- Exercise goal:
Give all of the records again precisely, excluding whatever pictures they contain.

- Data for analysis:
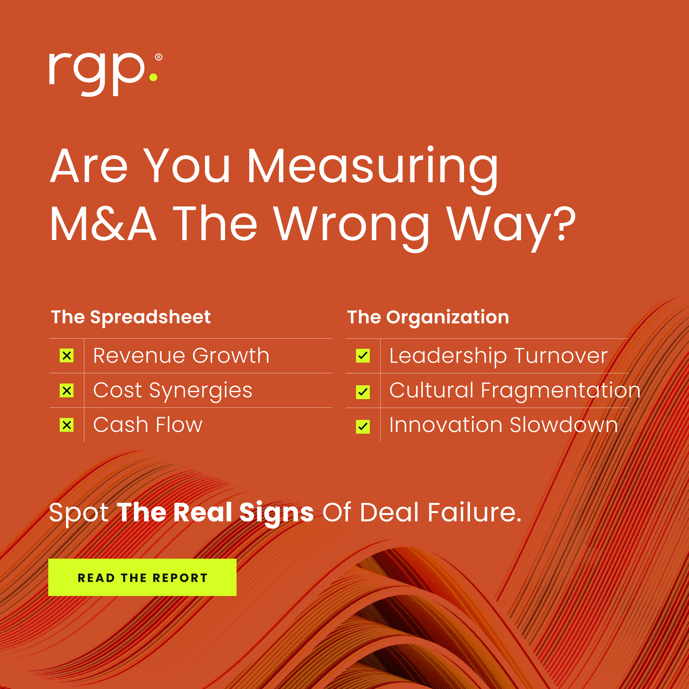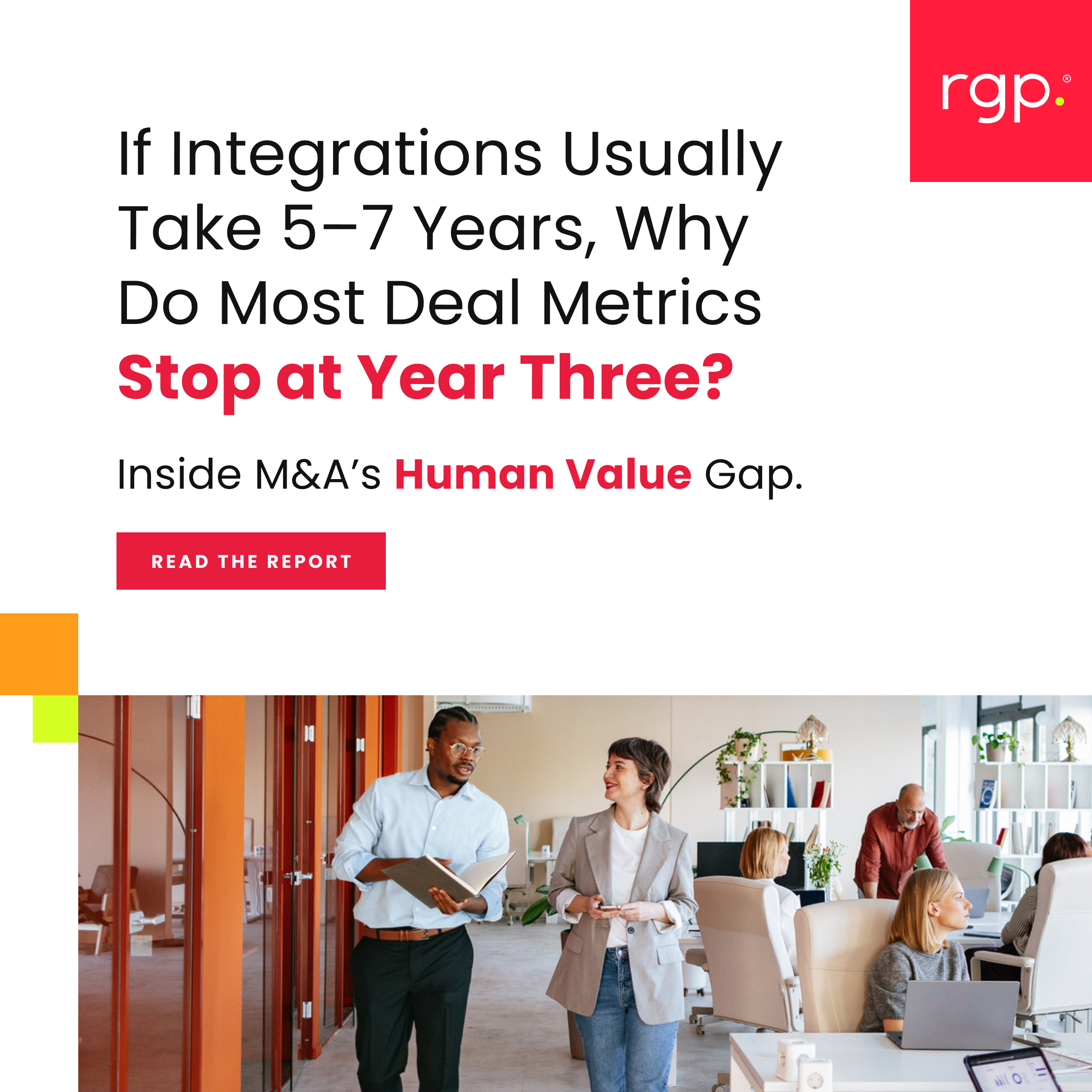 Imagine brokering a multi-million dollar deal between two companies and, six months after close, the entire C-suite walks out the door due to blown expectations. It happens more often than you’d think and it’s just one insight in RGP's Human Value Gap in M&A report — a study of 120 CFOs and 15 CHROs that reveals why culture, talent, and organizational integration are now the defining factors in whether a deal actually delivers.
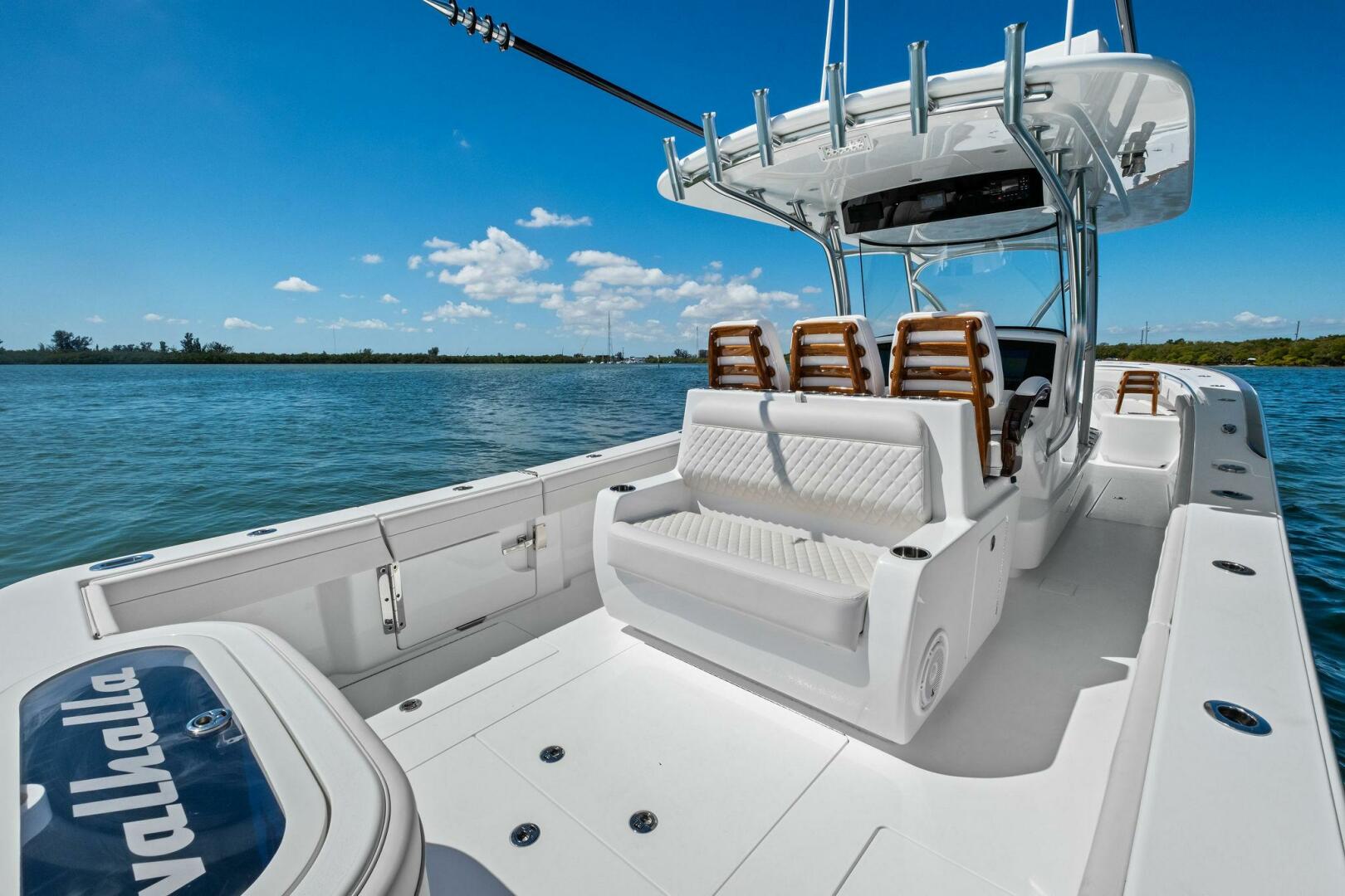 Experience the perfect fusion of performance, innovation, and offshore capability with the Valhalla V‑37 — a model born from the combined expertise of Viking’s legendary engineering team and Michael Peters Yacht Design. Featuring an advanced stepped‑V ventilated tunnel hull, the V‑37 delivers exceptional speed, stability, and fuel efficiency, making every run smoother and more exhilarating.
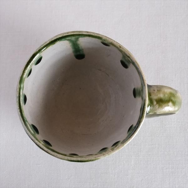 口縁と持ち手に施された織部釉の緑がアクセントに。
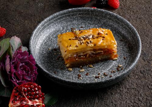 Сочная медовая пахлава с курагой и миксом семечек.
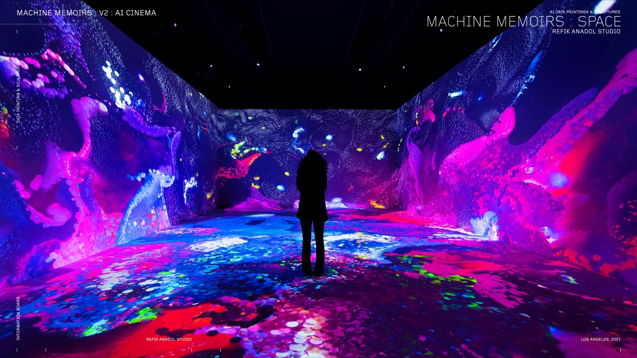 Anadol和他的团队通过使用现代艺术博物馆(Museum of Modern Art)200多年艺术藏品的公共元数据训练人工智能模型,创建了一个独特的人工智能数据绘画展览。生成性研究来自一系列算法人工智能数据绘画,展示了Anadol在技术和美学交叉点与GAN算法的合作。
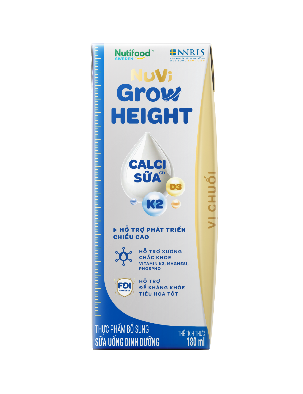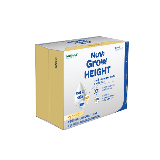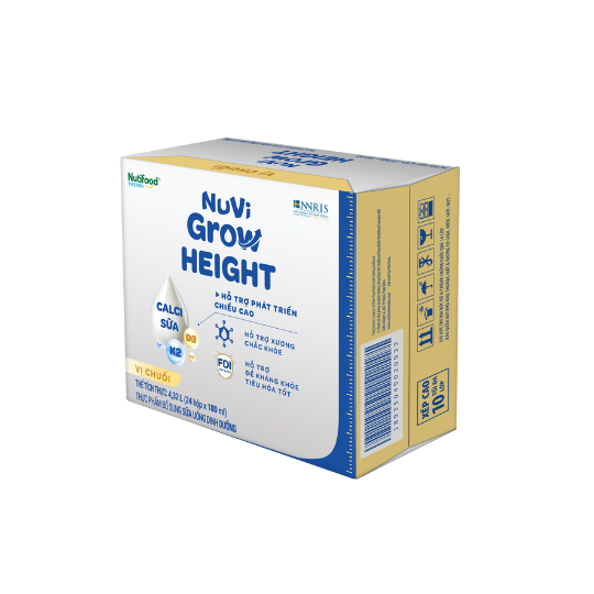 Thùng 24 hộp Sữa bột pha sẵn Nuvi Grow Height Vị Chuối hộp 180ml
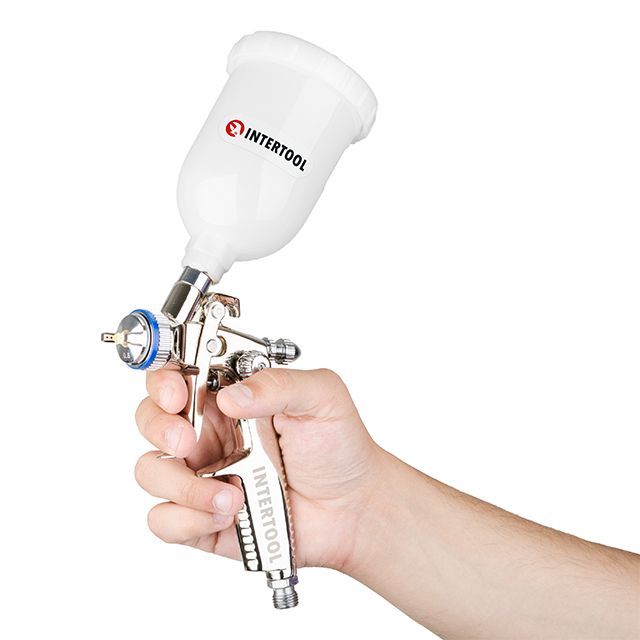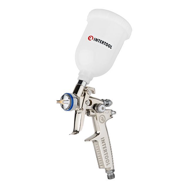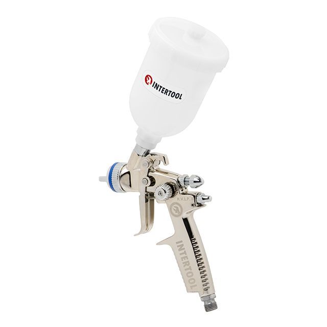 Краскопульт пневматический HVLP II MINI профессиональный, форсунка 0,8 мм, верхний пластиковый бачок 250 мл, 2-2,5 бар INTERTOOL PT-0128

- Task answer:
 Imagine brokering a multi-million dollar deal between two companies and, six months after close, the entire C-suite walks out the door due to blown expectations. It happens more often than you’d think and it’s just one insight in RGP's Human Value Gap in M&A report — a study of 120 CFOs and 15 CHROs that reveals why culture, talent, and organizational integration are now the defining factors in whether a deal actually delivers.
 Experience the perfect fusion of performance, innovation, and offshore capability with the Valhalla V‑37 — a model born from the combined expertise of Viking’s legendary engineering team and Michael Peters Yacht Design. Featuring an advanced stepped‑V ventilated tunnel hull, the V‑37 delivers exceptional speed, stability, and fuel efficiency, making every run smoother and more exhilarating.
 口縁と持ち手に施された織部釉の緑がアクセントに。
 Сочная медовая пахлава с курагой и миксом семечек.
 Anadol和他的团队通过使用现代艺术博物馆(Museum of Modern Art)200多年艺术藏品的公共元数据训练人工智能模型,创建了一个独特的人工智能数据绘画展览。生成性研究来自一系列算法人工智能数据绘画,展示了Anadol在技术和美学交叉点与GAN算法的合作。
 Thùng 24 hộp Sữa bột pha sẵn Nuvi Grow Height Vị Chuối hộp 180ml
 Краскопульт пневматический HVLP II MINI профессиональный, форсунка 0,8 мм, верхний пластиковый бачок 250 мл, 2-2,5 бар INTERTOOL PT-0128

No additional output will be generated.